On Tue, Aug 25, 2015 at 11:47:53PM -0400, Laine Stump wrote:
These two patches fix this bug:
https://bugzilla.redhat.com/show_bug.cgi?id=1252780
which was also separate reported in libvirt-users a couple days ago.
Most people running CentOS6 or RHEL6 also run the downstream version of libvirt-0.10.2 that has many patches backported from later upstream releases, but not the patch described in the commit logs of these proposed patches. And the problem being fixed here only occurs on a 2.6.x kernel, while most people running upstream libvirt are running something much more modern. That's why not many people have seen the bug that these patches fix. Still, we claim to fully support upstream on RHEL6/CentOS6, so we'd better do it right!
Two notes:
1) I tried timing 20 iterations of net-start...net-delete with these patches vs. a libvirt build that simply calls the ioctls in the beginnng (i.e. it doesn't try netlink then fall back to ioctl if that fails), and the time to completion was within 0.25%, so the extra overhead of trying one then the other isn't significant even on the older machines that will always fall back to ioctl.
2) There are 2 different versions of Patch 2/2. I did the first one as an exercise to see how ugly it would be to *not* duplicate the entire virNetlinkDelLink() function inside the new virNetDevBridgeDelete(). It was pretty ugly, so I made a cleaner version that duplicates the code instead. I would be okay pushing either version, but I think I slightly prefer the one that duplicates code and remains uncomplicated.
To be honest, I dislike both approaches. Sure, the second one is not that messy, but looking at those patches I have another idea. At first I thought that since there are not that many callers of virNetlinkDelLink(), what if we did not report the error inside that function at all and just return the errno and callers would report errors themselves. But that's not good either, virNetlinkDelLink() has very nice error reporting. So what if we took the second version, but the code that's duplicated (e.g. preparing netlink messages) that can fail by itself could be moved into its own functions that would be called in both virNetlinkDelLink() and virNetDevBridgeDelete() so that the duplication would be minimal and more prone to differentiation in the future.
Laine Stump (2): util: fallback to ioctl(SIOCBRADDBR) if netlink RTM_NEWLINK fails util: fallback to ioctl(SIOCBRDELBR) if netlink RTM_DELLINK fails
src/util/virnetdevbridge.c | 112 ++++++++++++++++++++++++++++++++------------ src/util/virnetdevmacvlan.c | 2 +- src/util/virnetlink.c | 17 +++++-- src/util/virnetlink.h | 2 +- 4 files changed, 98 insertions(+), 35 deletions(-)
-- 2.1.0
-- libvir-list mailing list libvir-list@redhat.com https://www.redhat.com/mailman/listinfo/libvir-list

On 08/26/2015 05:01 AM, Martin Kletzander wrote:
On Tue, Aug 25, 2015 at 11:47:53PM -0400, Laine Stump wrote:
These two patches fix this bug:
https://bugzilla.redhat.com/show_bug.cgi?id=1252780
which was also separate reported in libvirt-users a couple days ago.
Most people running CentOS6 or RHEL6 also run the downstream version of libvirt-0.10.2 that has many patches backported from later upstream releases, but not the patch described in the commit logs of these proposed patches.

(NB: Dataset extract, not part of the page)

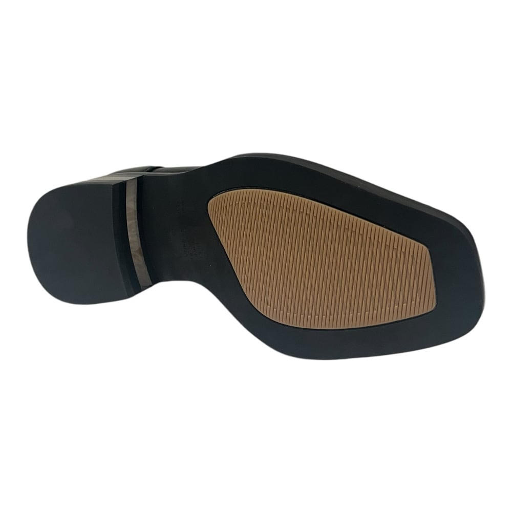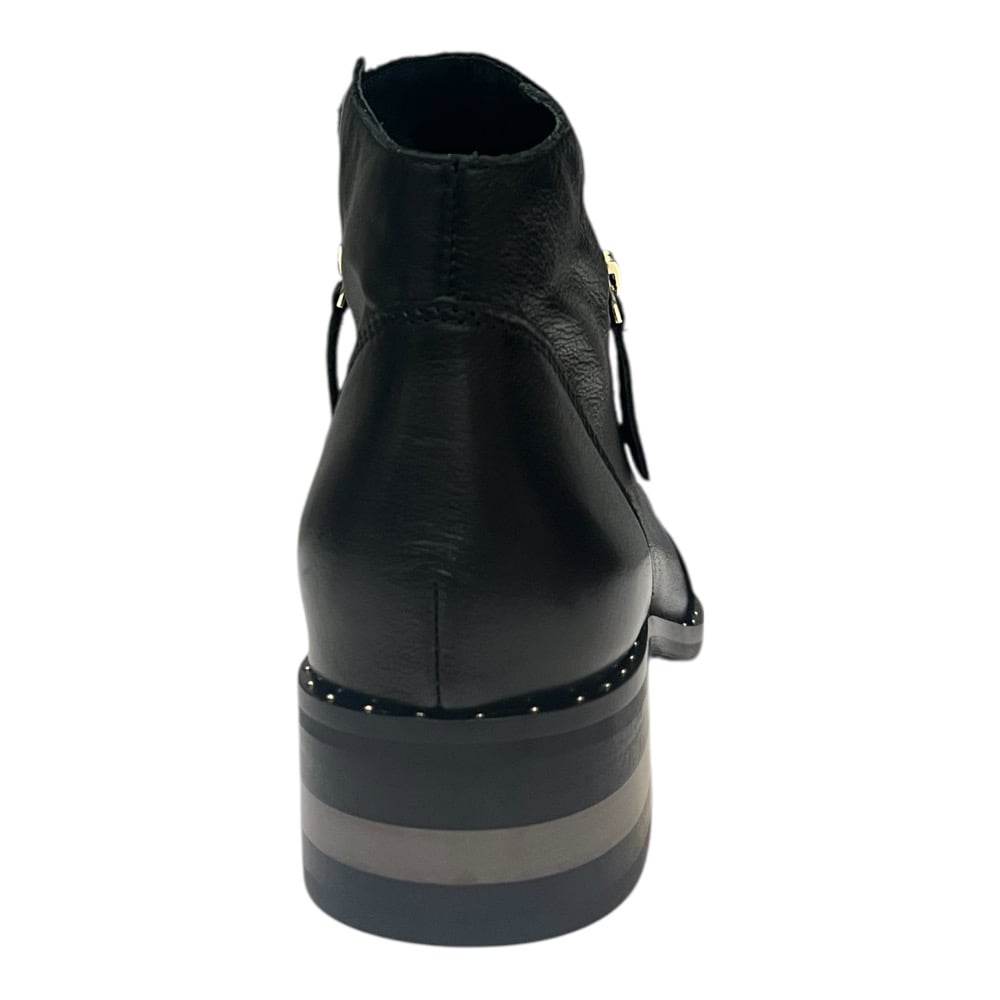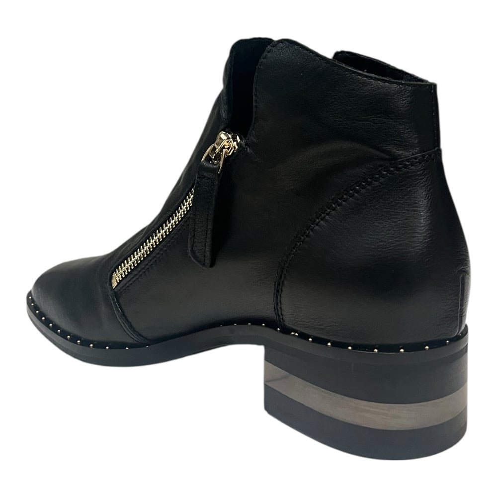 Leather upper. Unlined. Leather Insole. Double zipper entry. Synthetic outsole with grip. 1” heel height.

And the problem being fixed here only occurs on a 2.6.x kernel, while most people running upstream libvirt are running something much more modern. That's why not many people have seen the bug that these patches fix. Still, we claim to fully support upstream on RHEL6/CentOS6, so we'd better do it right!
Two notes:
1) I tried timing 20 iterations of net-start...net-delete with these patches vs. a libvirt build that simply calls the ioctls in the beginnng (i.e. it doesn't try netlink then fall back to ioctl if that fails), and the time to completion was within 0.25%, so the extra overhead of trying one then the other isn't significant even on the older machines that will always fall back to ioctl.

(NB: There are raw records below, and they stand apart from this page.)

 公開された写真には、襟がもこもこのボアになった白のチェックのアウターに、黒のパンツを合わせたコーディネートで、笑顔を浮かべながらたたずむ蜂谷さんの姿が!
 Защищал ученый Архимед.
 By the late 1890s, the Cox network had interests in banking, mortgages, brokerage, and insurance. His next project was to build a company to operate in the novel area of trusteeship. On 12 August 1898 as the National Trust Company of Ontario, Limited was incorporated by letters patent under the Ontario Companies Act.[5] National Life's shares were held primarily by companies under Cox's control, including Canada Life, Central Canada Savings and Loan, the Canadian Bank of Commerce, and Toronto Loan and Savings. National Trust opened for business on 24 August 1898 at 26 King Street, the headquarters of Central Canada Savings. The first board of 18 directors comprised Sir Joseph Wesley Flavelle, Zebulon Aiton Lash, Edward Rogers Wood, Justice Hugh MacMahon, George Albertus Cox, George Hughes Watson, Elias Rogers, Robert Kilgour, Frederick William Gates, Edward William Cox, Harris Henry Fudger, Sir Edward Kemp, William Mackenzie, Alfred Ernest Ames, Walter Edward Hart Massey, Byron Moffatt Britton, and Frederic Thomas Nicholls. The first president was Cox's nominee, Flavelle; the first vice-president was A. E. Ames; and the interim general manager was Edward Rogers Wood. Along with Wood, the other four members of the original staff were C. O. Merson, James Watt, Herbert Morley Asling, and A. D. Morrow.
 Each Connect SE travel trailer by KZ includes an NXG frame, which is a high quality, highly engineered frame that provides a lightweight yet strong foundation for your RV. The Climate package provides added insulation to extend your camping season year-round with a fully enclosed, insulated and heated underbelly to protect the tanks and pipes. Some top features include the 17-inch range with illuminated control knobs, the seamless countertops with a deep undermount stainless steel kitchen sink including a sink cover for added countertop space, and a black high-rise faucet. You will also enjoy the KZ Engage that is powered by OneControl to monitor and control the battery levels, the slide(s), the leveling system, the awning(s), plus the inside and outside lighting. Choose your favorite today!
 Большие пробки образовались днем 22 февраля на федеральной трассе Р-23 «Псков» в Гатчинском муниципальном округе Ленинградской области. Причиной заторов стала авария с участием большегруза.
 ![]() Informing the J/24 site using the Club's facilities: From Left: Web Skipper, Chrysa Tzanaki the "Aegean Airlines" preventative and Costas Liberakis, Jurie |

2) There are 2 different versions of Patch 2/2. I did the first one as an exercise to see how ugly it would be to *not* duplicate the entire virNetlinkDelLink() function inside the new virNetDevBridgeDelete(). It was pretty ugly, so I made a cleaner version that duplicates the code instead. I would be okay pushing either version, but I think I slightly prefer the one that duplicates code and remains uncomplicated.

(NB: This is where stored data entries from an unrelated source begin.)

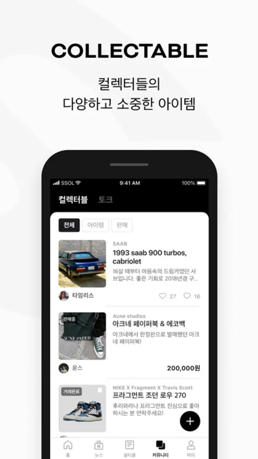 자신이 사랑하는 브랜드와 컬렉터를 팔로우할 수 있으며 자유롭게 이야기 할 수 있습니다.
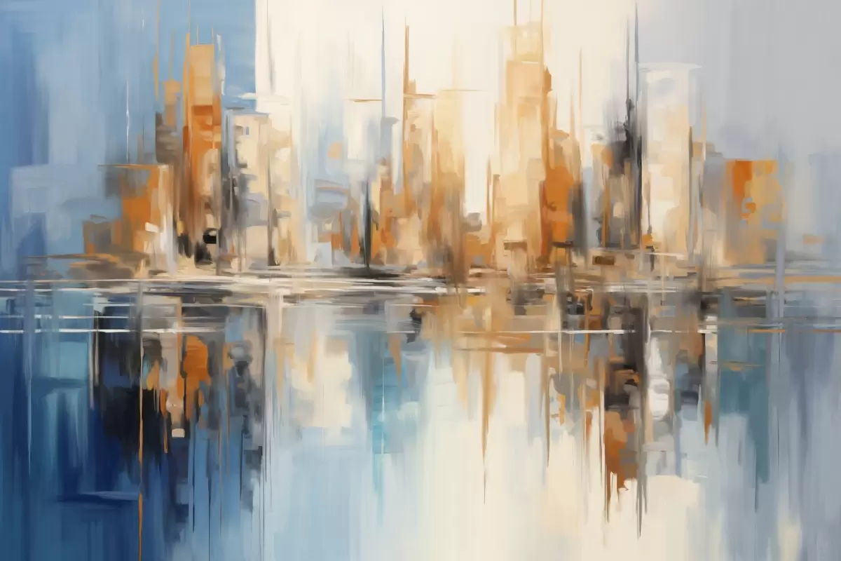 Fototapet Peisaj urban abstract texturat cu clădiri înalte în nuanțe de portocaliu, albastru și alb, reflectate în apă Nr. w09207
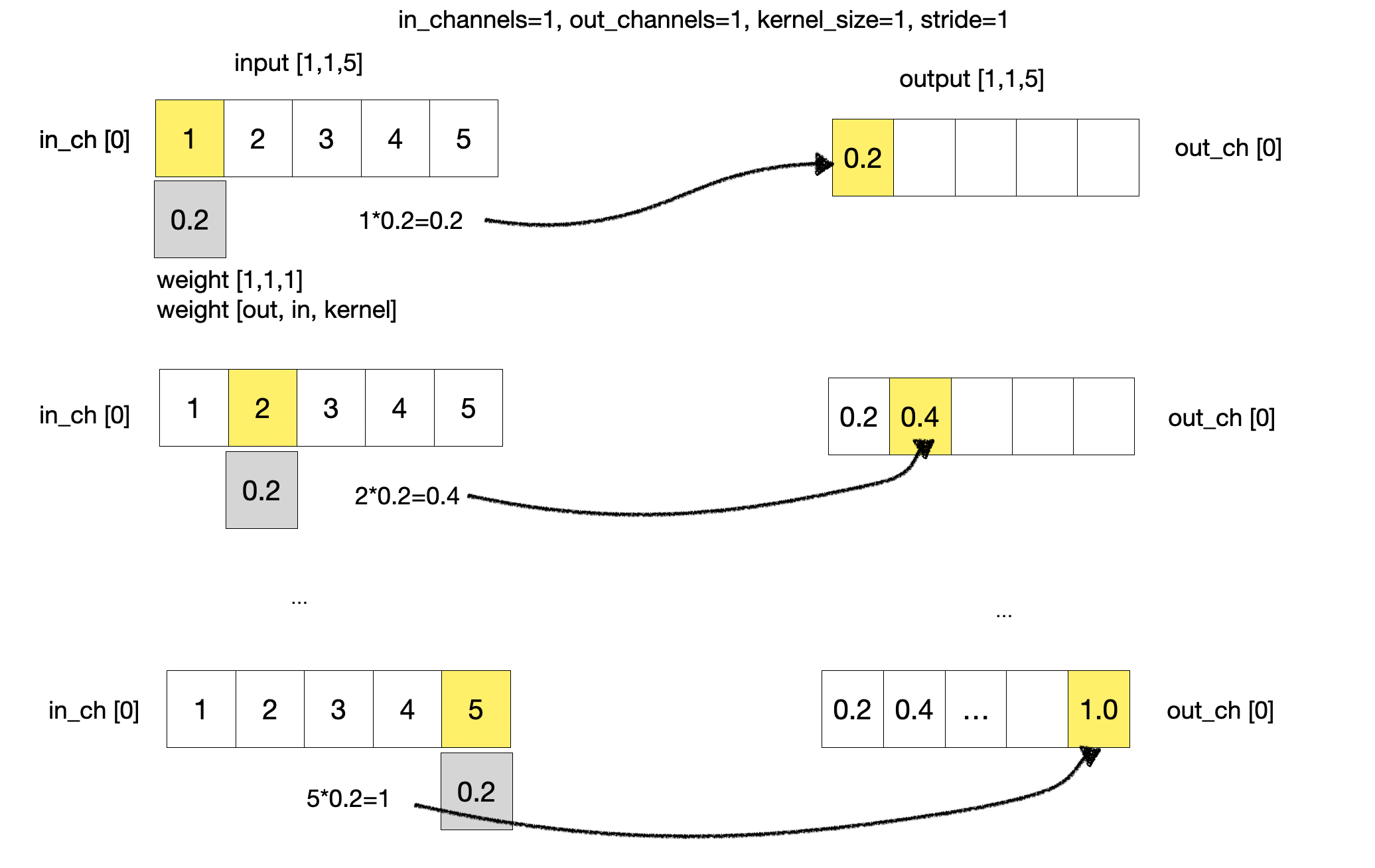입력, 출력, 커널의 변화를 살펴보기 위해 이를 좀 더 단순화 해서 살펴보자. 가장 단순한 형태로 입력 채널은 1차원, 출력 채널은 1 커널 사이즈는 1로 가정해보자. 입력 데이터는 1,2,3,4,5로 구성되고 커널의 초기값은 0.2로 가정하자. 커널은 하나씩 이동하면서 입력신호와 곱해서 출력을 만든다.

To be honest, I dislike both approaches. Sure, the second one is not that messy, but looking at those patches I have another idea. At first I thought that since there are not that many callers of virNetlinkDelLink(), what if we did not report the error inside that function at all and just return the errno and callers would report errors themselves. But that's not good either, virNetlinkDelLink() has very nice error reporting.
Right - there is too much inormation that would be lost by leaving error reporting up to the caller, and that leads to bug reports of the type "This is broken." rather than "This has a problem with XYZ".
So what if we took the second version, but the code that's duplicated (e.g. preparing netlink messages) that can fail by itself could be moved into its own functions
The "s" on the end of that is the crucial part - it would take two functions, one for the part before checking the error code, and one for the part after. How about this: give virNetlinkDelLink() a new argument "fallbackDeleteFunc" which would either be NULL, or a pointer to virNetDevBridgeDeleteWithIoctl() (in this case)? That avoids needing to split virNetlinkDelLink into multiple parts as well as the duplication of code, and I think it's much less obtuse than the boolean thing of V1.

On 26.08.2015 17:53, Laine Stump wrote:
<snip/>
How about this: give virNetlinkDelLink() a new argument "fallbackDeleteFunc" which would either be NULL, or a pointer to virNetDevBridgeDeleteWithIoctl() (in this case)? That avoids needing to split virNetlinkDelLink into multiple parts as well as the duplication of code, and I think it's much less obtuse than the boolean thing of V1.
D'oh! I mean, if someone calls virNetlink*() he can assume that the function will talk to kernel via netlink. This would break the assumption. But I because I am unable to come up with a better idea, I think it's our best option. Michal

On Wed, Aug 26, 2015 at 07:22:10PM +0200, Michal Privoznik wrote:
On 26.08.2015 17:53, Laine Stump wrote:
<snip/>
How about this: give virNetlinkDelLink() a new argument "fallbackDeleteFunc" which would either be NULL, or a pointer to virNetDevBridgeDeleteWithIoctl() (in this case)? That avoids needing to split virNetlinkDelLink into multiple parts as well as the duplication of code, and I think it's much less obtuse than the boolean thing of V1.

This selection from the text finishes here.